### ASSIGNED TASK
First find the line with "Ο μητροπολίτης Δωδώνης, Χρυσόστομος, επανέλαβε", then reproduce it and all following lines of the data to the end, exactly and with no pictures, adding nothing.

### DATA EXCERPT

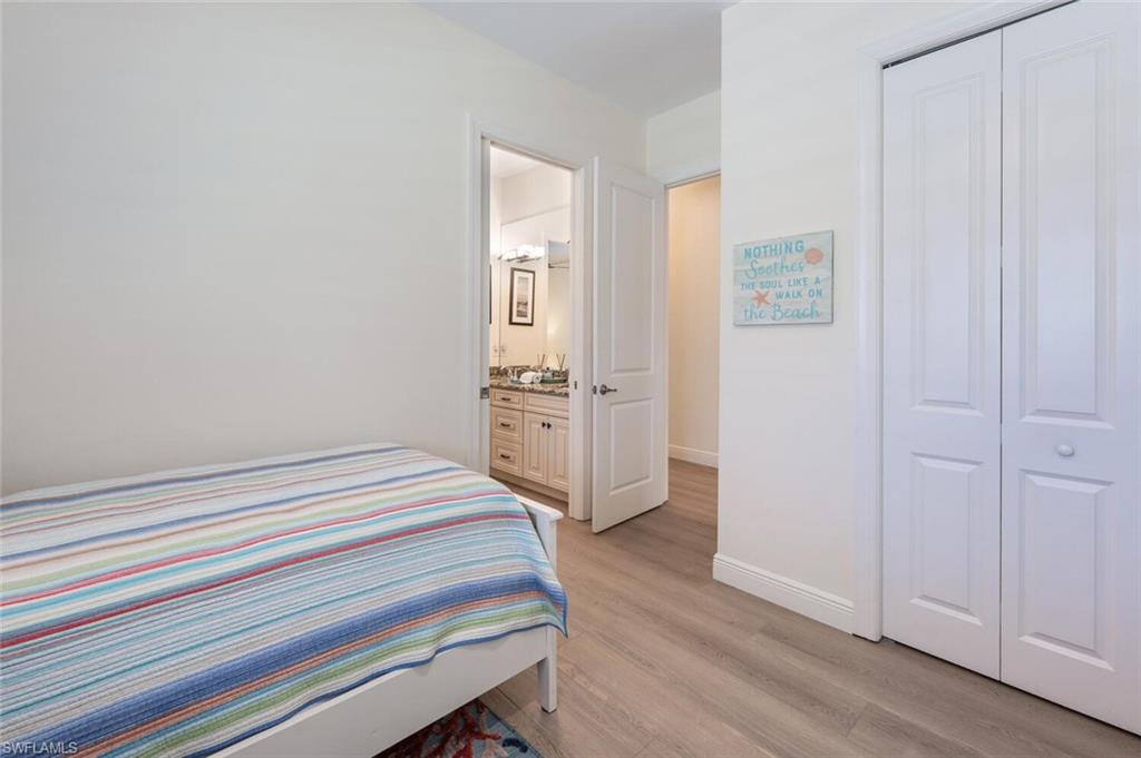 Unique courtyard home offering 3 bedrooms, 2 and a half baths, 2 car garage, pool & fully fenced yard. The open-concept layout features wood look flooring that flows effortlessly throughout with style and functionality. A gourmet kitchen takes center stage featuring an island with generous seating, stainless steel appliances, white shaker cabinets complimented by granite counters, is the perfect place to cook and entertain. Two spacious guest bedrooms adjoined by a jack and jill bath. The primary suite overlooks the pool, creating a tranquil retreat, featuring a large glass shower, dual sinks, his and hers closets. Features throughout the home include 10ft ceilings, crown molding, wood-look floors, plantation shutters, designer lighting & fans, impact doors & windows throughout. Back yard features a 36' X 28' deck perfect for entertaining. Located less than 1 mile to Vanderbilt Beach and Wiggins Pass State Park as well as upscale shopping and dining at Mercato. This property is offered turnkey furnished & is move-in ready. Whether you’re looking for your dream home or a high yield vacation rental, this Naples Park retreat offers unmatched quality and appeal. High and dry NO storm damage.
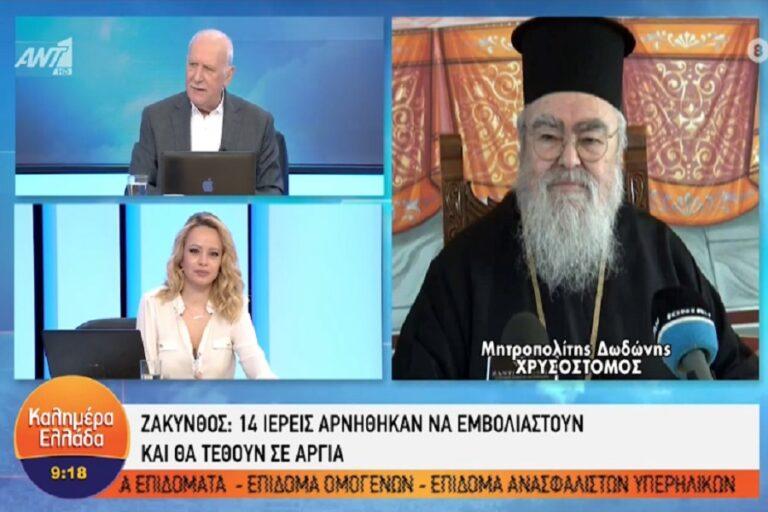 Ο μητροπολίτης Δωδώνης, Χρυσόστομος, επανέλαβε σε σημερινή του τηλεοπτική συνέντευξη ότι οι ιερείς που τάσσονται κατά του εμβολιασμού για τον ...
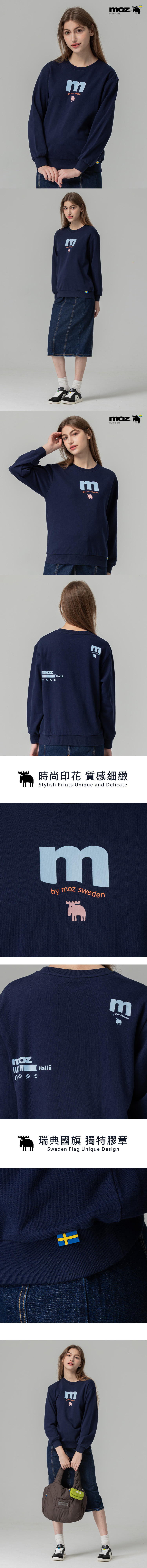 moz瑞典 字母駝鹿 100%純棉 大學T-深藍(亞洲版) 女款

### RESULT
 Ο μητροπολίτης Δωδώνης, Χρυσόστομος, επανέλαβε σε σημερινή του τηλεοπτική συνέντευξη ότι οι ιερείς που τάσσονται κατά του εμβολιασμού για τον ...
 moz瑞典 字母駝鹿 100%純棉 大學T-深藍(亞洲版) 女款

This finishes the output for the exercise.